| GIVEN ENTRIES |
════

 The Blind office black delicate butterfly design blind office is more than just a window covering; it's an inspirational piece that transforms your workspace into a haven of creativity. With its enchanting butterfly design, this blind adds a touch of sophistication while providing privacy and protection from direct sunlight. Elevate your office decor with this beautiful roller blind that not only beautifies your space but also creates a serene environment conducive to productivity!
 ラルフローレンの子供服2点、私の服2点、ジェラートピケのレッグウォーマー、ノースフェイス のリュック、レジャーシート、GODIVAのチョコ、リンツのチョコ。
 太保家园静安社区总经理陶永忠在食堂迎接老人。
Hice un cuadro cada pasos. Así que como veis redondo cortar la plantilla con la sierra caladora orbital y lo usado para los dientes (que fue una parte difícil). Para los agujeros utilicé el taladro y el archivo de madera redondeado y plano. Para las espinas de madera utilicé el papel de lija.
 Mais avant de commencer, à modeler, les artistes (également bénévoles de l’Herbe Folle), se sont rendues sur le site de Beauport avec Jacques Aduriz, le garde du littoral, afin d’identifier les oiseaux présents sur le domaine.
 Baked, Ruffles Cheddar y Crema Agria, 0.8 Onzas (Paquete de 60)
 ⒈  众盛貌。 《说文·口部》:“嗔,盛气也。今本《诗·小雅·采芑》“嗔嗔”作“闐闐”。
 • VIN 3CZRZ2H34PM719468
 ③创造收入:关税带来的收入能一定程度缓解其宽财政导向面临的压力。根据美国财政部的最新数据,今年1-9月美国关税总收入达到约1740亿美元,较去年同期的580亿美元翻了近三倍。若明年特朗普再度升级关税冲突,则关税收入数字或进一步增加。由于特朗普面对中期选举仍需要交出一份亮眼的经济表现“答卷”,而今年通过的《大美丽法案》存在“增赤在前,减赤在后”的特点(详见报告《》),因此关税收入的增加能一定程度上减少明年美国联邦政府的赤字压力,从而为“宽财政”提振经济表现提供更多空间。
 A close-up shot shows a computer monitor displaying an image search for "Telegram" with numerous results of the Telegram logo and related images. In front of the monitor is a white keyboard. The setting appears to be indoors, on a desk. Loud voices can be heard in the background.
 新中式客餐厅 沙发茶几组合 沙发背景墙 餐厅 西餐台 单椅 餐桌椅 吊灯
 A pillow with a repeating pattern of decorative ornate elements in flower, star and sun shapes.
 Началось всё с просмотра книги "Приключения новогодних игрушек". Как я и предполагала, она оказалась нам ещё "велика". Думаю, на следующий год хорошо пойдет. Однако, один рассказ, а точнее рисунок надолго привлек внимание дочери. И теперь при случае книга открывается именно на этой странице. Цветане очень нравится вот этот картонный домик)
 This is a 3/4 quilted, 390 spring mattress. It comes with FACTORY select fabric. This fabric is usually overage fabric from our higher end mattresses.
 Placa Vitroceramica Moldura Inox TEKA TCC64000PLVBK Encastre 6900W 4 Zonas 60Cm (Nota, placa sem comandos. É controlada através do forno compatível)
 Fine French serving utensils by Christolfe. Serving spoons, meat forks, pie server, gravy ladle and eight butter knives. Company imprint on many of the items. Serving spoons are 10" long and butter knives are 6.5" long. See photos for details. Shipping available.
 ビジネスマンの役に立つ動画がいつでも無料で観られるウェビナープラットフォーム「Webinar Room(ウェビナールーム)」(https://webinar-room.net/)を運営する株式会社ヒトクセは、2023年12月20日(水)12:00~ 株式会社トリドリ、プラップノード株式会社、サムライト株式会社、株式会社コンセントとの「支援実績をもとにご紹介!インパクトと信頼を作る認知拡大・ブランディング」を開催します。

════

| ACTIVITY |
Would you set down exactly the lines from the line with "Fine French serving" through the last one in the material?

| TASK ANSWER |
 Fine French serving utensils by Christolfe. Serving spoons, meat forks, pie server, gravy ladle and eight butter knives. Company imprint on many of the items. Serving spoons are 10" long and butter knives are 6.5" long. See photos for details. Shipping available.
 ビジネスマンの役に立つ動画がいつでも無料で観られるウェビナープラットフォーム「Webinar Room(ウェビナールーム)」(https://webinar-room.net/)を運営する株式会社ヒトクセは、2023年12月20日(水)12:00~ 株式会社トリドリ、プラップノード株式会社、サムライト株式会社、株式会社コンセントとの「支援実績をもとにご紹介!インパクトと信頼を作る認知拡大・ブランディング」を開催します。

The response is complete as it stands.